Consider these statistics for a moment. 62 percent of college seniors have four or more credit cards. That's not a typo. Four or more. Crazy, right? With an average balance on these cards of more than $4,000 these seniors are entering the real world already saddled with hefty credit card debt.
For our Children of the Recession piece airing tonight on the CBS Evening News with Katie Couric, I interviewed Shanetta Francis, a recent graduate of Trenton High School in New Jersey who could not wait to get her hands on plastic.
"Because I heard so much about credit cards and how they raise your limit and you can get black cards and gold cards or platinum cards and I was like I cannot wait until I turn 18,"she told me.
That was before she entered a virtual world of earning and spending, part of an innovative video game used at her school to teach kids Finance 101.
Shanetta and her classmates had to figure out how to cope with unexpected costs like repairing a broken cell phone while at the same time sticking to a budget and saving for college.
Shanetta now tears up every credit card solicitation she receives.
"After I took this program, I'm like no, I've got to wait," the future college freshman said. "I am not trying to get into debt at such a young age in my life, I'll wait."
That's music to the ears of Tom Davidson, one of the co-founders of EverFi the company which created the unique software and licenses it to schools and nonprofit organizations throughout the country.
"We teach driver's ed, we teach algebra, we require a lot of things of our young adults when they come out of schools," Davidson told me after we watched the kids use the EverFi program at Trenton High School. "It's amazing to me that we don't require this."
I, for one, would have loved to take a personal finance class before graduating high school. As someone who got in and out of credit card debt not once but twice, I think if I really knew a bit more about debt, how it can rapidly accumulate and how difficult it is to draw down, I'd be better off today.
Davidson says states are beginning to recognize the importance of teaching our kids about money. "When we started this company, only four states required financial literacy of any kind," he said. "We think it will be over 30 by the end of this year and eventually all 50 states will have it, so it's definitely moving in that direction."
There's another huge positive to this education, says Davidson, and that is that the financial literacy can trickle up to the parents.
"People have had a neutron bomb dropped in their household, an economic bomb that has landed on their kitchen tables and it's an amazing opportunity to let the kids be teachers," said the former state lawmaker in Maine who spearheaded a movement to link schools and libraries in his state to the internet.
It also helps having teachers like Trenton High School Vice-Principal Jermaine Kamau at our nation's schools.

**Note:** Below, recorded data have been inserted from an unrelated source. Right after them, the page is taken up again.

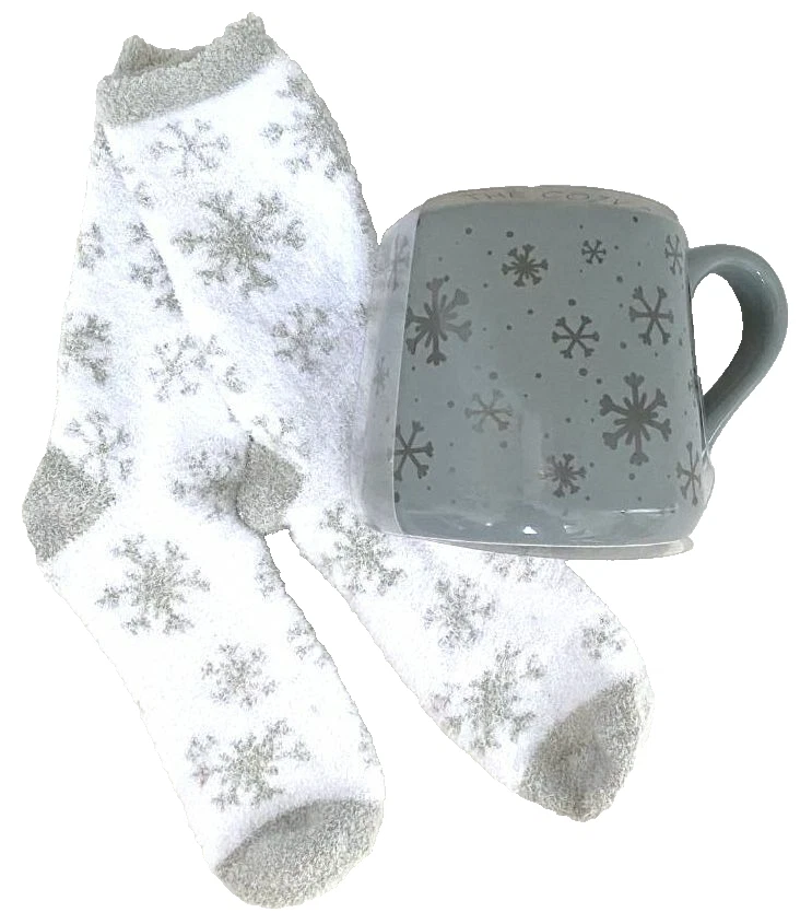 NEW WITH TAGS Boutique gray glossy ceramic silver snowflake coffee mug and white and gray snowflake print socks. Ultra soft and fluffy socks to keep you warm while drinking your tea, cocoa or coffee. Makes a great gift. Inv: 729103-05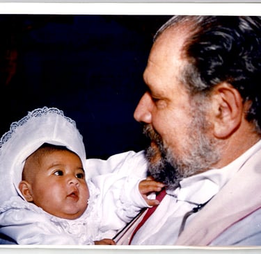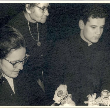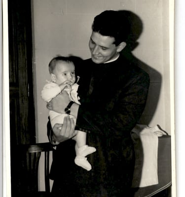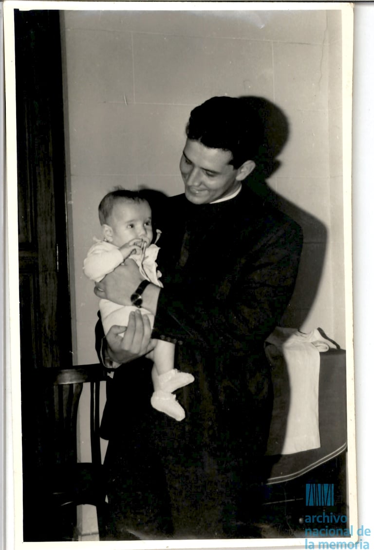 El Padre Rodolfo Ricciardelli de jóven sosteniendo un bebé. Fotografía cedida por el Archivo Nacional de la Memoria.
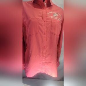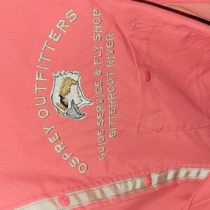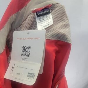 New with tags Patagonia long sleeve button-down Sol Patrol top in coral. There is an embroidered business name on the breast pocket that can be removed.

Kamau saw the EverFi program and immediately knew he needed to find a way to bring it to his students.
"People don't have the means to survive because of some poor financial decisions that they made, so this should be an awakening for all of us that everyone should be financially literate," Kamau said.
As for Shanetta, she never realized how "drastic" credit card debt could be.
"It shocked me how something can seem so good and so rewarding but have such hard consequences too" she said.
She's got a financial step ahead of her college classmates even before she gets to campus.